- RECORD EXCERPTS -
== Segment start ==
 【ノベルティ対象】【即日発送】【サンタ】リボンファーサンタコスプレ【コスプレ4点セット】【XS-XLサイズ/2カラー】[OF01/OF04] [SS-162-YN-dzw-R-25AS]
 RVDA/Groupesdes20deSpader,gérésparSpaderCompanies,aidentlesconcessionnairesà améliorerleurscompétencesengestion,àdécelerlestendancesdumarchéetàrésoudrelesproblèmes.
== Segment end ==
== Segment start ==
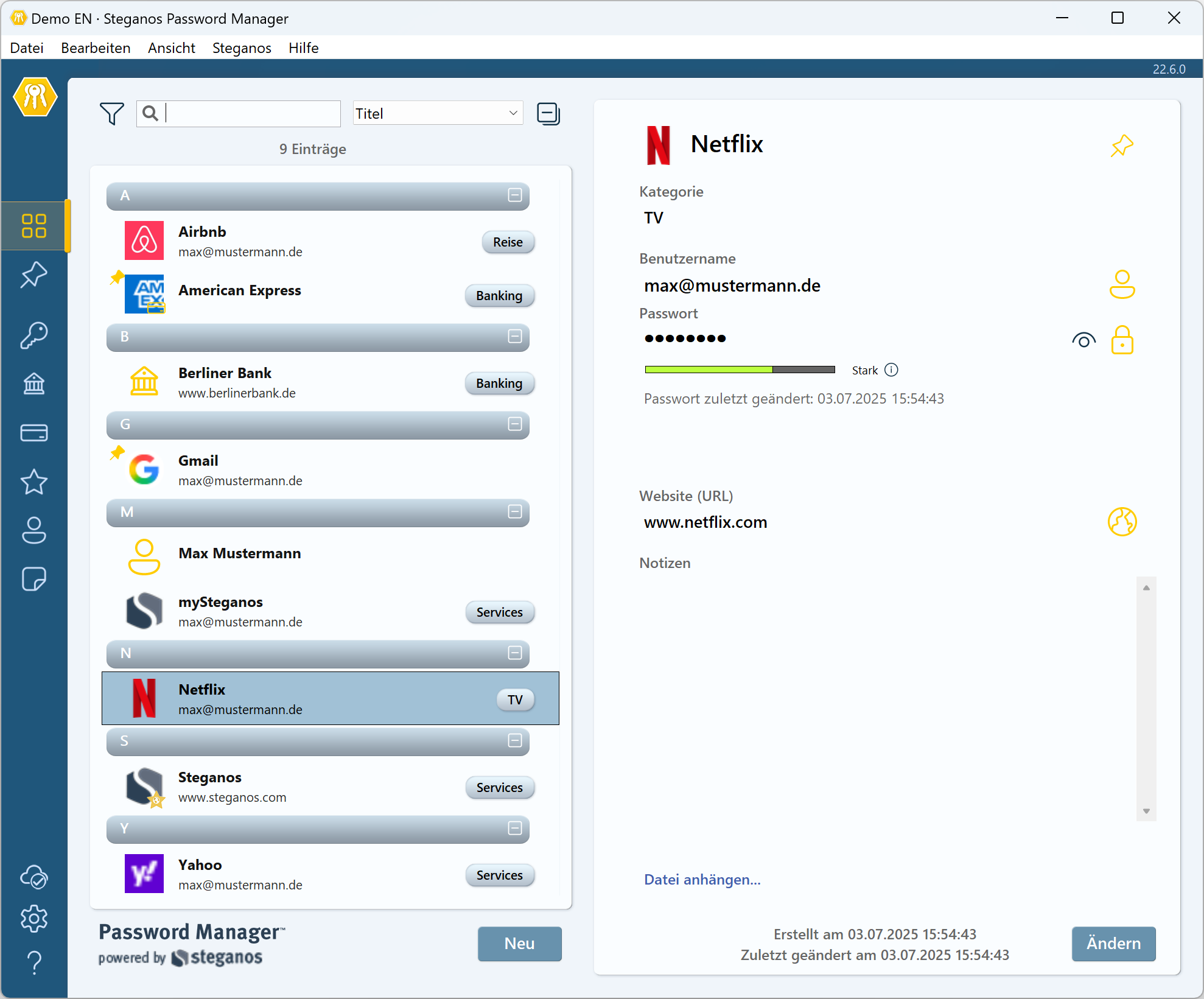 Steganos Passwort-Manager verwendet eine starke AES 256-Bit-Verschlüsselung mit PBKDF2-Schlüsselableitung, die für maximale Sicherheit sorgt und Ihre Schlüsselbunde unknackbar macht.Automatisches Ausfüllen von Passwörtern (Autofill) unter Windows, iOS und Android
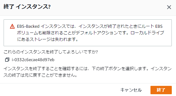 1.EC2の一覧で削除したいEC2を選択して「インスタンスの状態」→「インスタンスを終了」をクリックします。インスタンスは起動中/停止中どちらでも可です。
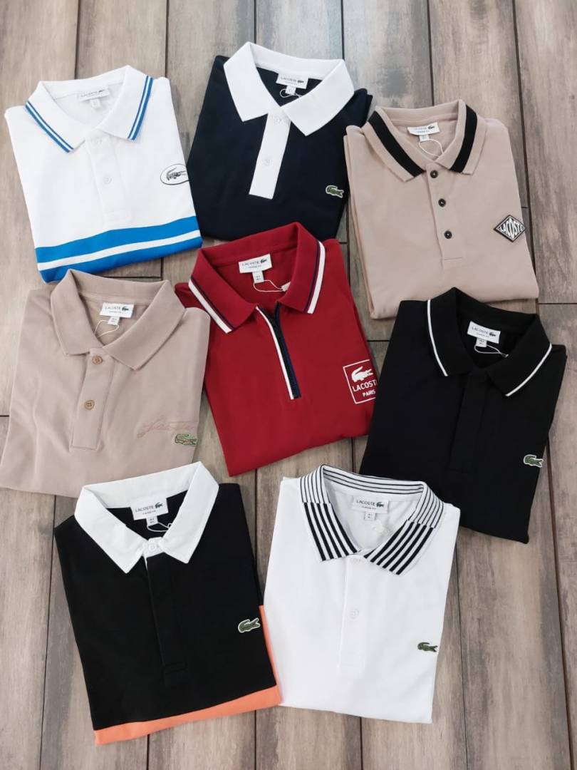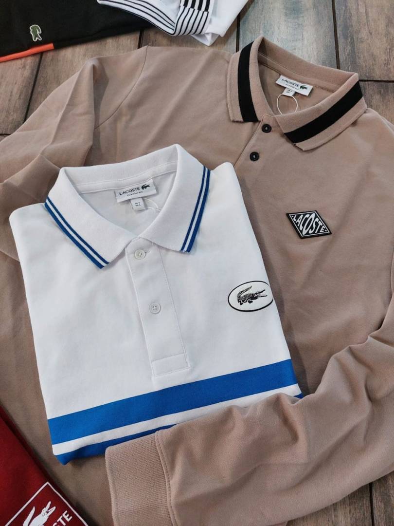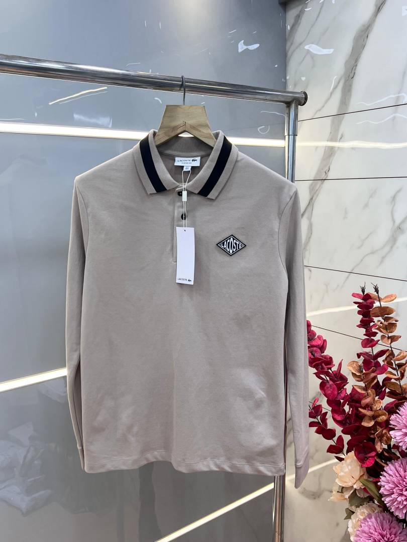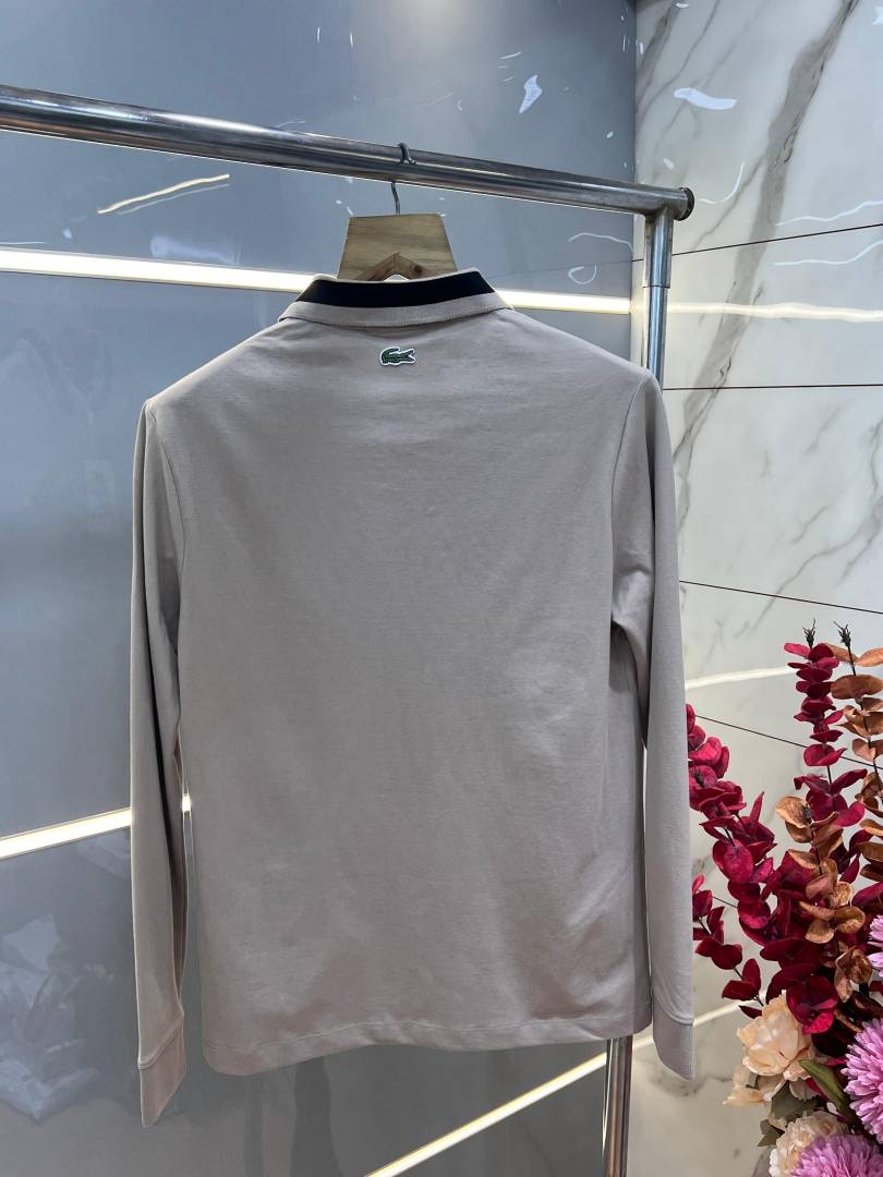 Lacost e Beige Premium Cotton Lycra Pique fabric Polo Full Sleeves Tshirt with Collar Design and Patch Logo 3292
== Segment end ==
- EXERCISE PROMPT -
Exact copy, pictures excluded: every line above from the one containing "1.EC2の一覧で削除したい" to the one containing "Lacost e Beige", inclusive, and nothing more.

- EXERCISE RESULT -
 1.EC2の一覧で削除したいEC2を選択して「インスタンスの状態」→「インスタンスを終了」をクリックします。インスタンスは起動中/停止中どちらでも可です。
 Lacost e Beige Premium Cotton Lycra Pique fabric Polo Full Sleeves Tshirt with Collar Design and Patch Logo 3292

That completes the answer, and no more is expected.